--- START ---

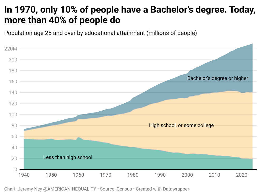 College AttendanceOne of the biggest improvements since the 1970s has been college attendance, largely as more women began applying to college and more colleges began accepting women. Today ~40% of young adults have a bachelor’s degree, compared to ~10% in 1970. As I’ve previously covered in my article about male loneliness, women weren’t allowed into Yale until 1969, Brown until 1971, and Columbia until 1983. Colleges were not interested in accepting women for decades, but many of the social movements of the 1960s changed that persona, as well as the codification of Title IX. In 1970, 33.6% of women had less than a high school education. By 2016, it had fallen to just 6%. People who go to college earn what is called ‘the college wage premium’ which means that they earn far more later in life. One government report says that men will make $900,000 more when they get a BA vs. only a high school degree and another gov report says that a BA can increase weekly median wages by 66%. At the same time, only half of all Americans say that college is only worth it now if you can go without taking out loans. With $200,000 in debt and a possible lifetime of interest on that loan, those higher wages may feel too far off for some people. Quality of LifeIn the Stossel debate, Norbert Michel explained, “Materially, we are so much better off now than we were in the 1960s and 1970s.” The median home size in 1963 was 1,365 feet but in 2023 the median is 2,286 feet. They are twice as likely to have central air, twice as likely to have a second refrigerator, and the abundance of dishwashers, washer dryers, and a range of other household appliances has made those homes much more comfortable. Those benefits have also created greater gains for women who disproportionately had many household duties fall on them. While it may feel like the price of groceries has exploded in 1960, U.S. consumers spent an average of 17.0 percent of disposable personal income (DPI) on food. By 2019, this share had shrunk to 9.5 percent. People eat out at restaurants almost twice as often as they did in 1970 and they have the luxury of ordering food to their house more easily. Path ForwardThe Path Forward for this is pretty simple to describe, but challenging to achieve: Keep up the momentum. Our gains on climate, life expectancy, college, and quality of life feel like they are seeing cracks that we need to make sure stay closed. A new report found that climate change kills 1 person every minute globally. Measles was eliminated from the US in 2000 and is now seeing some of its highest levels in decades. 45 million Americans have $1.6 trillion in student debt. Women who have lost their right to choose and immigrants who feel threatened daily may not feel like their quality of life has improved, despite having a smartphone in their pockets. We still have a long way to go, and the further back we look, the better things might be (2025 is lightyears better than 1925) but today in America, the answer to the debate for me is clear: opportunity is out of reach. You’re on the free list for American Inequality. Consider upgrading to support this work, get access to the community chat, and doing your part to reduce inequality in America. Most sincerely, Jeremy |
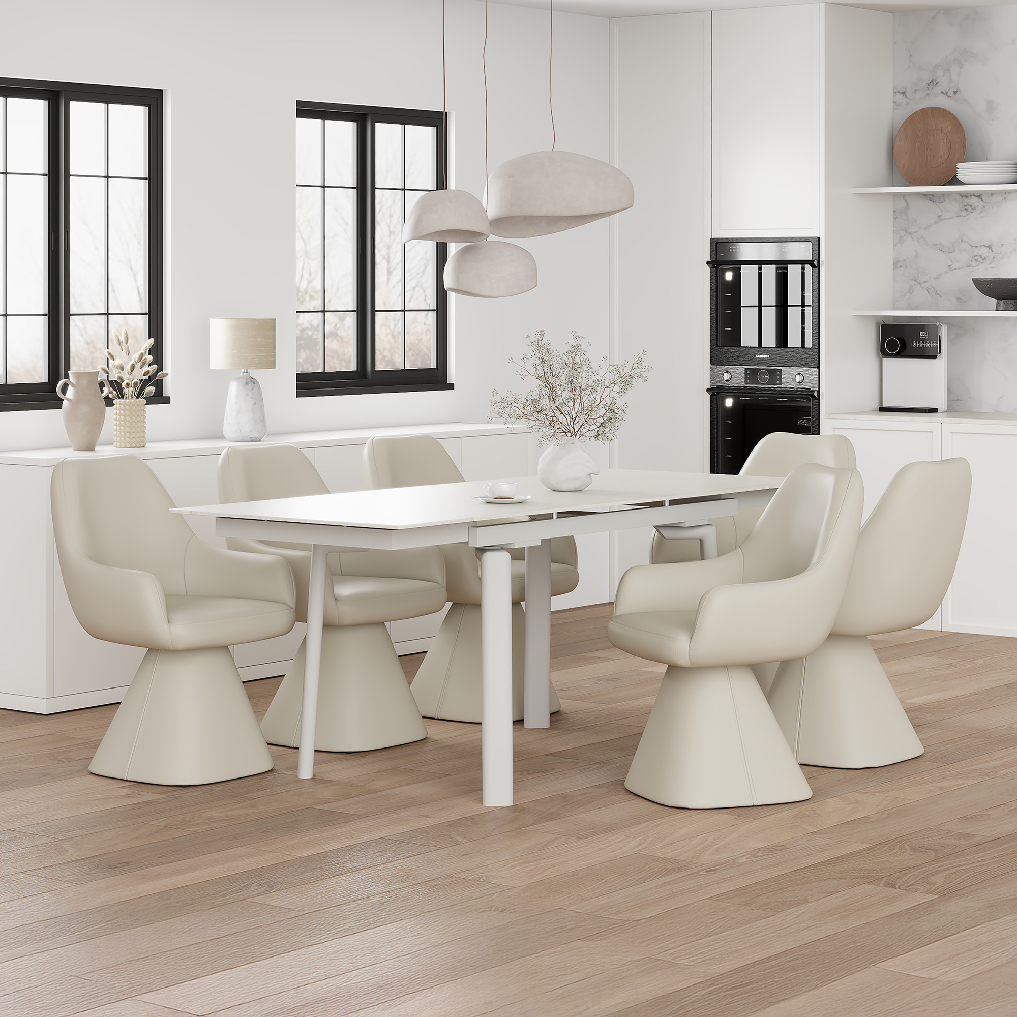 Expand your seating capacity without stress with the easy, pop-up extension leaves on this dining table. The sintered stone table is extremely durable, and sitting atop a cream-coloured metal base creates a gorgeous tone-on-tone look. Fully upholstered seat, back and base in a monochrome look that exudes elegance. The automatic return swivel seat adds another elevated element to the design of these gorgeous chairs and adds functionality to the piece. Perfect in a formal dining space, or to bring sophistication into your everyday dining.
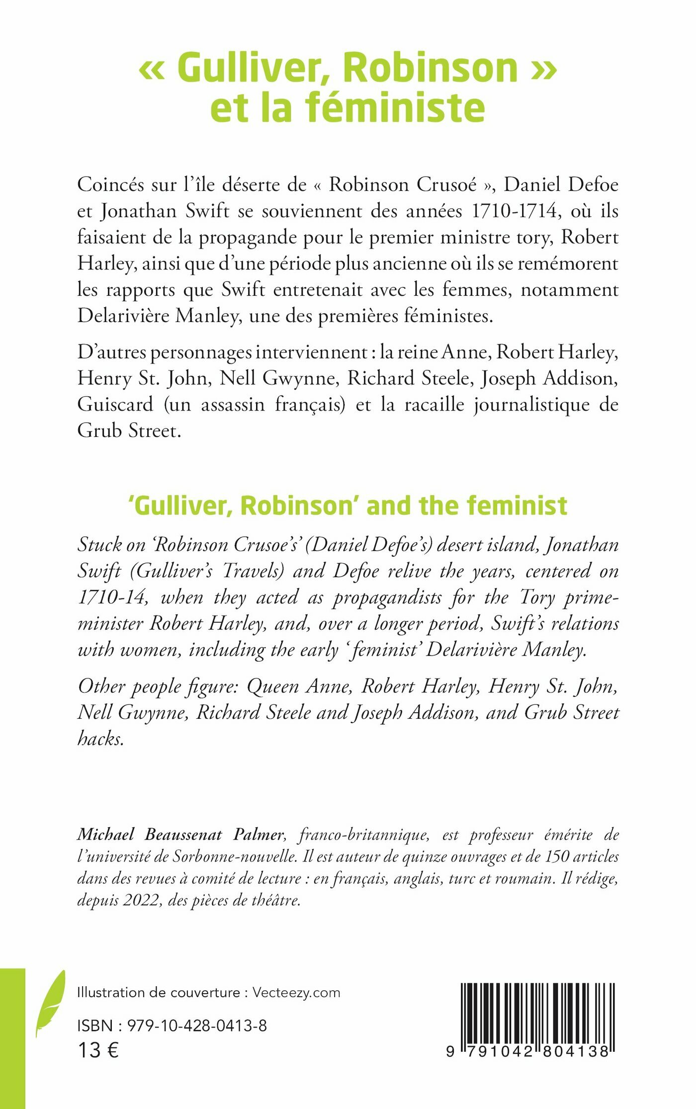 Coincés sur l’île déserte de « Robinson Crusoé », Daniel Defoe et Jonathan Swift se souviennent des années 1710-1714, où ils faisaient de la propagande pour le premier ministre tory, Robert Harley, ainsi que d’une période plus ancienne où ils se remémorent les rapports que Swift entretenait avec les femmes, notamment Delarivière Manley, une des premières féministes.

--- END ---

Write the lines above out again exactly, without any of their pictures.

 College AttendanceOne of the biggest improvements since the 1970s has been college attendance, largely as more women began applying to college and more colleges began accepting women. Today ~40% of young adults have a bachelor’s degree, compared to ~10% in 1970. As I’ve previously covered in my article about male loneliness, women weren’t allowed into Yale until 1969, Brown until 1971, and Columbia until 1983. Colleges were not interested in accepting women for decades, but many of the social movements of the 1960s changed that persona, as well as the codification of Title IX. In 1970, 33.6% of women had less than a high school education. By 2016, it had fallen to just 6%. People who go to college earn what is called ‘the college wage premium’ which means that they earn far more later in life. One government report says that men will make $900,000 more when they get a BA vs. only a high school degree and another gov report says that a BA can increase weekly median wages by 66%. At the same time, only half of all Americans say that college is only worth it now if you can go without taking out loans. With $200,000 in debt and a possible lifetime of interest on that loan, those higher wages may feel too far off for some people. Quality of LifeIn the Stossel debate, Norbert Michel explained, “Materially, we are so much better off now than we were in the 1960s and 1970s.” The median home size in 1963 was 1,365 feet but in 2023 the median is 2,286 feet. They are twice as likely to have central air, twice as likely to have a second refrigerator, and the abundance of dishwashers, washer dryers, and a range of other household appliances has made those homes much more comfortable. Those benefits have also created greater gains for women who disproportionately had many household duties fall on them. While it may feel like the price of groceries has exploded in 1960, U.S. consumers spent an average of 17.0 percent of disposable personal income (DPI) on food. By 2019, this share had shrunk to 9.5 percent. People eat out at restaurants almost twice as often as they did in 1970 and they have the luxury of ordering food to their house more easily. Path ForwardThe Path Forward for this is pretty simple to describe, but challenging to achieve: Keep up the momentum. Our gains on climate, life expectancy, college, and quality of life feel like they are seeing cracks that we need to make sure stay closed. A new report found that climate change kills 1 person every minute globally. Measles was eliminated from the US in 2000 and is now seeing some of its highest levels in decades. 45 million Americans have $1.6 trillion in student debt. Women who have lost their right to choose and immigrants who feel threatened daily may not feel like their quality of life has improved, despite having a smartphone in their pockets. We still have a long way to go, and the further back we look, the better things might be (2025 is lightyears better than 1925) but today in America, the answer to the debate for me is clear: opportunity is out of reach. You’re on the free list for American Inequality. Consider upgrading to support this work, get access to the community chat, and doing your part to reduce inequality in America. Most sincerely, Jeremy |
 Expand your seating capacity without stress with the easy, pop-up extension leaves on this dining table. The sintered stone table is extremely durable, and sitting atop a cream-coloured metal base creates a gorgeous tone-on-tone look. Fully upholstered seat, back and base in a monochrome look that exudes elegance. The automatic return swivel seat adds another elevated element to the design of these gorgeous chairs and adds functionality to the piece. Perfect in a formal dining space, or to bring sophistication into your everyday dining.
 Coincés sur l’île déserte de « Robinson Crusoé », Daniel Defoe et Jonathan Swift se souviennent des années 1710-1714, où ils faisaient de la propagande pour le premier ministre tory, Robert Harley, ainsi que d’une période plus ancienne où ils se remémorent les rapports que Swift entretenait avec les femmes, notamment Delarivière Manley, une des premières féministes.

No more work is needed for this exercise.